Globalization and the destruction of domestic Labor / by kevin murray

America is a capitalistic society, of which, it is of paramount importance of most publicly held corporations to make it their policy to essentially earn as much money as possible on their products and assets.  This signifies that almost all corporations look closely at their sales in which their objective is to increase them, as well as looking closely at their expenses in which their objective is to decrease them and/or to get more value out of the labor utilized.  It goes without saying that western nations, because of their wealth, their cost of living, their infrastructure, their laws, and their social services,  that their overall cost of doing business domestically is meaningfully higher than the cost of doing business in developing nations.

 

It then follows, if there is no penalty for doing business in countries in which you can produce your product for a significantly lower price point, in which labor laws as well as health and safety laws are far more lax, in addition to the fact that this can all be essentially outsourced to foreign manufacturing concerns that then have the responsible of adhering to both local as well as adhering to corporation policy, that it would behoove these corporations to do so.  So too, as good as that already is, corporations through the tricks of the trade, of specifically staging domestic subsidiaries in foreign nations as well as bending or utilizing tax rules  or loopholes in a manner that specifically allows that corporation to "game" the system so as to reduce their overall tax footprint, you then have as reported by cnn.com, companies such as Apple, that "…In 2014, the corporate giant paid just $50 in tax for every million it made selling iPhones and iPads to most of the world outside America.

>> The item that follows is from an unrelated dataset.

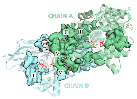 Aside from the binding site VIII (located at the surface of each DszC monomer), binding sites II, V, and IX are close to regions that might contribute to the dimerization of DszC. In particular, site V includes residues right next to the Gln280-Asp295 residues composing a flexible lid loop, which is proposed to be involved in the open/closed-conformation interchange required for DszC activity [38,40] alongside site II, which includes residues at the N-terminus of the lid loop (Ala272-Gln280) and the C-terminus of α11-helix (Tyr376-Arg380). Finally, the binding site IX lies well at the dimerization interface of the homodimer required for a catalytically-competent form of the enzyme.

That's a tax rate of just 0.005%."

 

Not only does the globalization of manufacturing profit corporations headquartered in America, by allowing these same multinational giants to draw first upon the wealth of America in their stock issuance, higher education, and financing, but they are also able to leveraged up that wealth by utilizing it in all of its myriad forms off-sourcing in places all across the world, increasing profit and taking market share from others not so richly endowed, in which  the end result is often a corresponding robust stock price performance, based on impressive profit margins and growth.

 

Of course, all of the above signifies that as in most situations, there are the winners, as well as the losers.  The winners are those that are the corporate insiders and valued members to such corporations, as well as their stockholders, and consumers of such products that are able typically to purchase the product at a lower price point.  The losers are the tax recipients, which means cheating the infrastructure and safety net that America has an obligation to provide for the disenfranchised, in addition to American companies that are unable to take advantage of cheaper foreign labor as well as substantially lower tax rates for outsourcing, and finally, quite obviously, those that labor in the manufacturing fields of America, who have been squeezed out of labor markets through no real fault of their own.

 

Finally, as reported by epi.org, "…in 2011, international trade depressed wages for non-college educated workers by 5.5 percent, costing the average worker $1,800."  The bottom line, quite obviously, is that American labor cannot compete against foreign labor specifically because the playing field is not level, for if foreign countries have imported to them, or have access to all of the material needs that create the equivalency of a manufacturing plant in America, along with softer labor/safety laws, and millions of their denizens that need jobs,  then they will take jobs from Americans, and domestic labor will be left instead with hard to outsource low-paying service related jobs, hyped up but disappointing gig jobs, and way too often, idle hands and a future of little meaningful opportunity.